La reconstruction sera à proximité et participera bien de la notion de reconstruction sur les plan matériel, même s’il ne partage pas les fondations du bâtiment démoli.

Bien souvent, le propriétaire n’a pas vraiment le choix.

Faut-il ester sur la même empreinte au sol ?

Le Ministre des Finances a précisé cette condition en réponse à une question parlementaire posée le 23 juin 2009 par le député Josy Arens :

« L’administration admet que le bâtiment d’habitation issu de la reconstruction ne se situe pas exactement au même endroit que le bâtiment démoli pour autant cependant qu’il soit érigé sur la même parcelle. »

Il faut donc rester sur la même parcelle cadastrale même si on ne construit pas au même endroit.

Cette condition n’est absolument pas présente dans le texte mais on en comprend évidemment la logique.

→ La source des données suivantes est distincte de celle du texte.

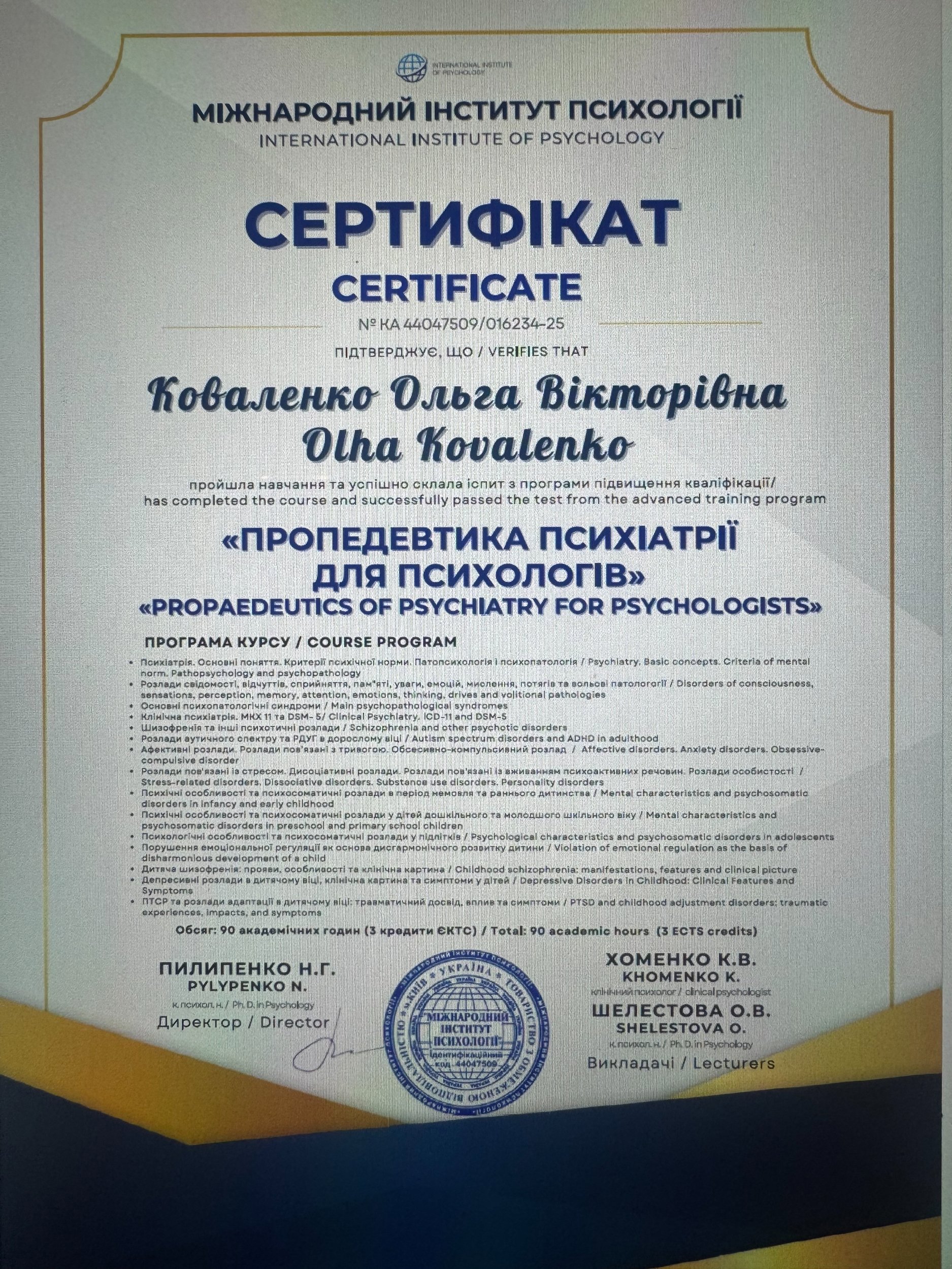 - Міжнародний Інститут Психології - Програма підвищення кваліфікаціі "Пропедевтика Психіатрії для Психологів"

Selon une décision du SDA, si le bâtiment neuf est construit en partie sur la parcelle cadastrale du bâtiment démoli et en partie sur un terrain à bâtir adjacent, le taux de TVA réduit de 6 % ne peut pas être appliqué (décision anticipée n° 2019.0626 du 13 août 2019).

Cette décision est excessive et contraire à l’esprit du texte, à l’objectif du législateur, lorsque la différence d’emplacement résulte de considérations urbanistiques ou techniques comme l’ouverture d’une voiries.

L’administration (le SDA aussi) doit appliquer le cadre XXXVII de manière intelligente, au cas par cas et en fonction des contingences, en s’abstenant de position de principe.